Влияние последней гораздо заметнее в другом произведении, «Постоялом дворе» А. Степанова (1835), скрестившем в себе инерцию романтического дуализма с положительными, жизнестроительными и «душеведческими» установками, которые также отозвались в гоголевской поэме[92]. У Степанова они обильно сдобрены натурфилософией, рассуждениями на ботанические, медицинские и хозяйственные темы. Оба сочинения интересны, во всяком случае, как образчик пришлого религиозно-социального утилитаризма, бросившего вызов асоциальным тенденциям романтической эпохи в период ее полного господства.

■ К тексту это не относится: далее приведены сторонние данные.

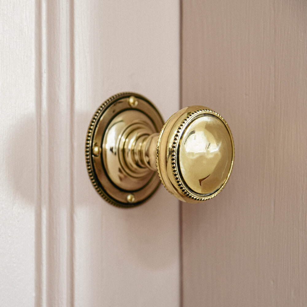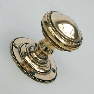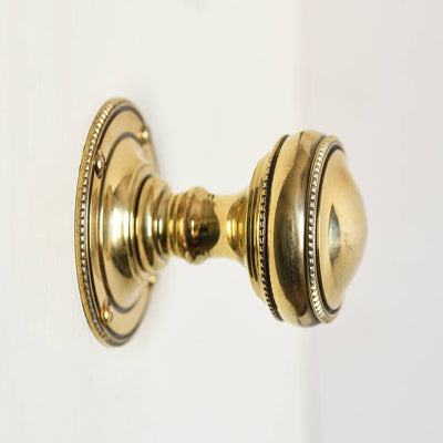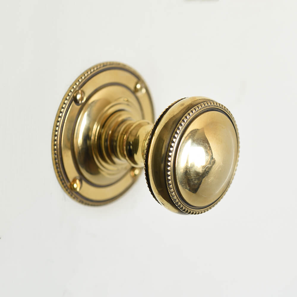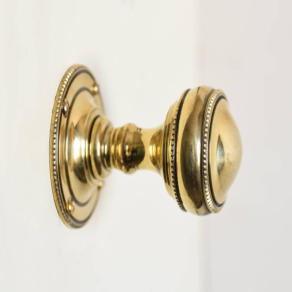 A pair of brass door knobs of slender proportions with an elegantly shaped neck and authentic beaded edge to the handle and rose plate. These handles have been applied with an ageing process that makes them almost indistinguishable from the original antiques. The blemishes, pitting and slight weathering to the brass are part of this process.

5. Воздействие православного дуализма на романтическое миросозерцание 1830–1840-х гг.
Этот жизнестроительный и жизнерадостный подход, как правило, не был характерен для православия. Можно в очередной раз напомнить, что если на протестантском и католическом Западе главным праздником всегда оставалось Рождество, т. е. воплощение Христово, то в России (за вычетом территорий, испытавших серьезное католическое воздействие) ту же роль выполняла Пасха с ее пафосом воскресения из мертвых и компенсаторным упованием на царствие небесное; чрезвычайно почиталось также Успение Богородицы, т. е. ее вознесение на небо[93].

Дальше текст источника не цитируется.